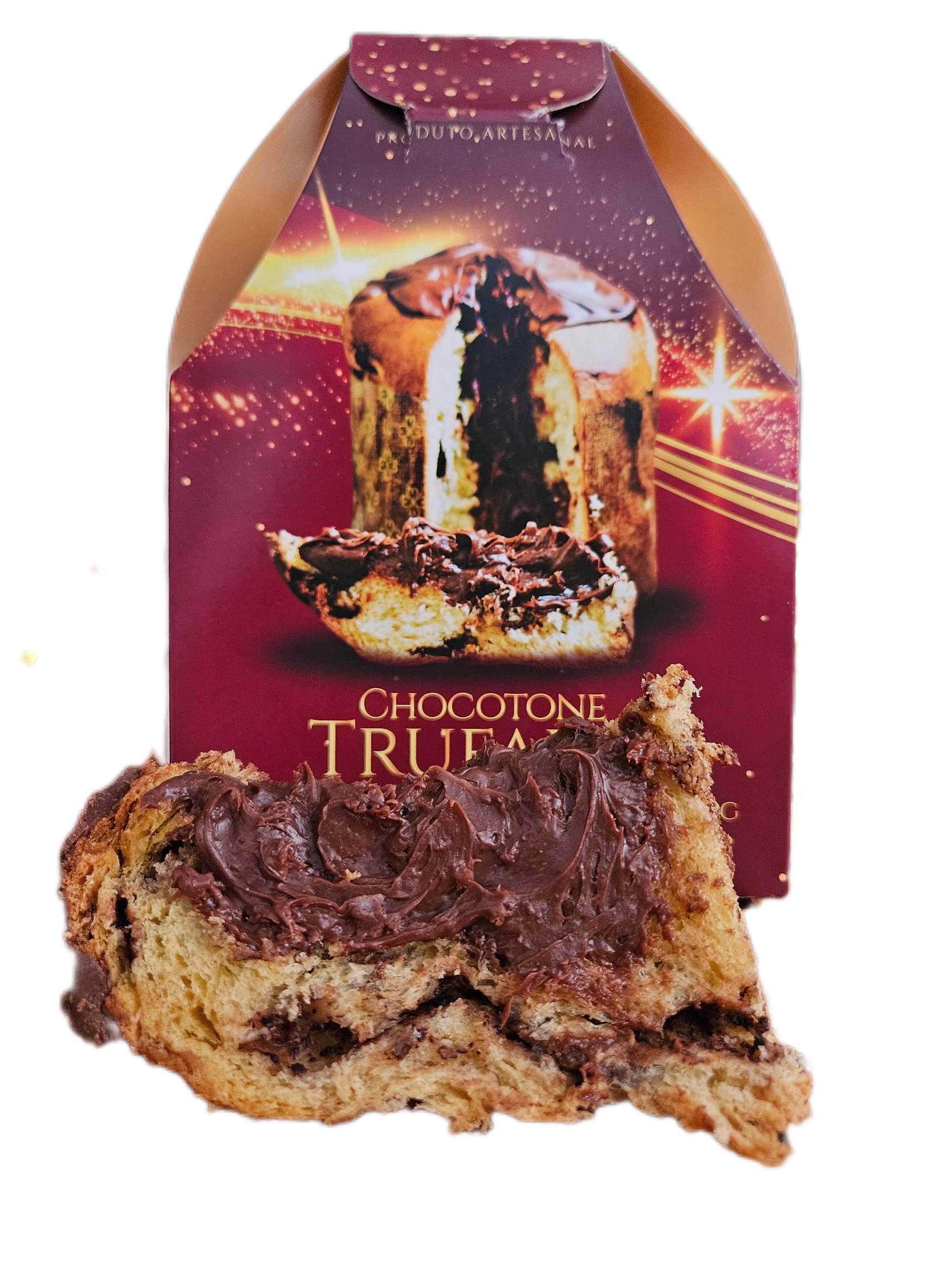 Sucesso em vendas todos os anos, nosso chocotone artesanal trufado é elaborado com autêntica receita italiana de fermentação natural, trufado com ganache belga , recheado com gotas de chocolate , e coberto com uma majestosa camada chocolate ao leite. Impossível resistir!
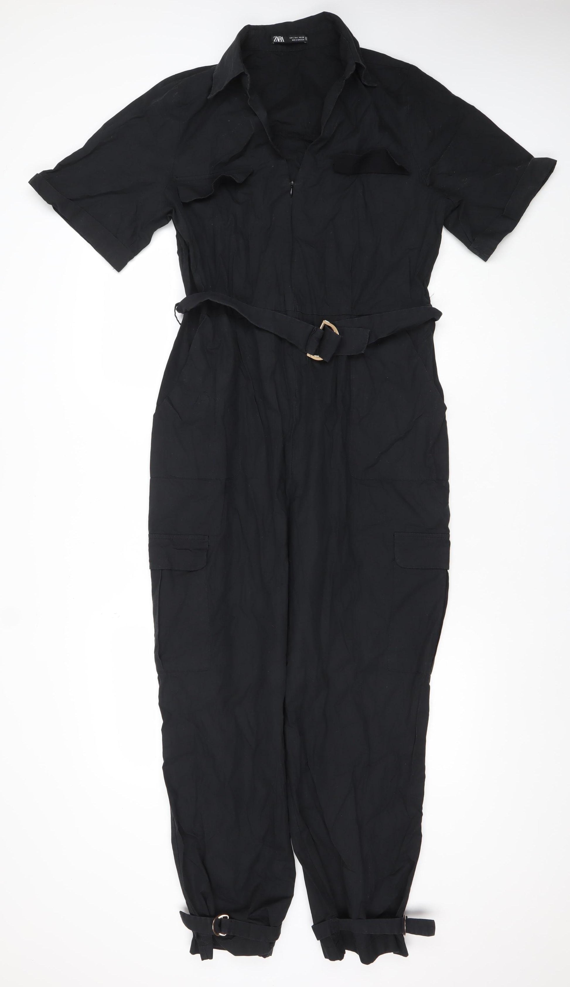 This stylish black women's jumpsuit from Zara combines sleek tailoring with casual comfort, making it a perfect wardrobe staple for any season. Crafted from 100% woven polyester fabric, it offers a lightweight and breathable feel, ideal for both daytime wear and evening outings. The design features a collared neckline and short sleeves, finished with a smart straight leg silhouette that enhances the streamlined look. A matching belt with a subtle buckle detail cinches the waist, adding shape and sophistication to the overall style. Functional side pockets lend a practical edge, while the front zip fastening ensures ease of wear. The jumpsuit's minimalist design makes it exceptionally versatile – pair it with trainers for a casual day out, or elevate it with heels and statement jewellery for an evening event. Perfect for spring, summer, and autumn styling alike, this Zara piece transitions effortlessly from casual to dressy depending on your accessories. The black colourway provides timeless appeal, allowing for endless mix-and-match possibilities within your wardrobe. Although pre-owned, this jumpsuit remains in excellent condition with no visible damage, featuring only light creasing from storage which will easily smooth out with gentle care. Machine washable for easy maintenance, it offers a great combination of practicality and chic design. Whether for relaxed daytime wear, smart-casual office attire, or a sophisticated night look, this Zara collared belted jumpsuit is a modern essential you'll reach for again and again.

==

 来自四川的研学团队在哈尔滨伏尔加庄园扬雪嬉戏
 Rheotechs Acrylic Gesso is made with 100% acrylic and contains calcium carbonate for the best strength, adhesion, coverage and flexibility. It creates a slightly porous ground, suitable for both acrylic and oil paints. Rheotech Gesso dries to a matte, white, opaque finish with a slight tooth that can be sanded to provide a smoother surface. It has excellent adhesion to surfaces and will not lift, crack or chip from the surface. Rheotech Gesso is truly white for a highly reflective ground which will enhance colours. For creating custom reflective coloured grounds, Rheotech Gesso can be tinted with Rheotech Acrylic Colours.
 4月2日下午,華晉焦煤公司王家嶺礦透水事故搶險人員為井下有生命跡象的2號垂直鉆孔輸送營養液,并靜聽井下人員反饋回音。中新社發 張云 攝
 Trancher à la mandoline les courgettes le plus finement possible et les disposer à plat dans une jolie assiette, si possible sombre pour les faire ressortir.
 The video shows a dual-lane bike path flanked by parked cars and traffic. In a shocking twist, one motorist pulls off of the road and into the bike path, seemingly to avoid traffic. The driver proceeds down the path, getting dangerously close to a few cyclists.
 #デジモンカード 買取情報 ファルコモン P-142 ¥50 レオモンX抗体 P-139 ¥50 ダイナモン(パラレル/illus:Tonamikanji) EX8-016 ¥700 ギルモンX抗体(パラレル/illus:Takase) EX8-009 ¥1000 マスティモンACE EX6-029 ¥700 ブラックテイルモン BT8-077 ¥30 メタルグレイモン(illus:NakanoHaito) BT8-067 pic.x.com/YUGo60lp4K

* _Task statement_: From the listing above, repeat only the lines between the line containing "Sucesso em vendas" and the line containing "This stylish black", those two included. Pictures are not part of the copy.

* _Answer to the problem_:
 Sucesso em vendas todos os anos, nosso chocotone artesanal trufado é elaborado com autêntica receita italiana de fermentação natural, trufado com ganache belga , recheado com gotas de chocolate , e coberto com uma majestosa camada chocolate ao leite. Impossível resistir!
 This stylish black women's jumpsuit from Zara combines sleek tailoring with casual comfort, making it a perfect wardrobe staple for any season. Crafted from 100% woven polyester fabric, it offers a lightweight and breathable feel, ideal for both daytime wear and evening outings. The design features a collared neckline and short sleeves, finished with a smart straight leg silhouette that enhances the streamlined look. A matching belt with a subtle buckle detail cinches the waist, adding shape and sophistication to the overall style. Functional side pockets lend a practical edge, while the front zip fastening ensures ease of wear. The jumpsuit's minimalist design makes it exceptionally versatile – pair it with trainers for a casual day out, or elevate it with heels and statement jewellery for an evening event. Perfect for spring, summer, and autumn styling alike, this Zara piece transitions effortlessly from casual to dressy depending on your accessories. The black colourway provides timeless appeal, allowing for endless mix-and-match possibilities within your wardrobe. Although pre-owned, this jumpsuit remains in excellent condition with no visible damage, featuring only light creasing from storage which will easily smooth out with gentle care. Machine washable for easy maintenance, it offers a great combination of practicality and chic design. Whether for relaxed daytime wear, smart-casual office attire, or a sophisticated night look, this Zara collared belted jumpsuit is a modern essential you'll reach for again and again.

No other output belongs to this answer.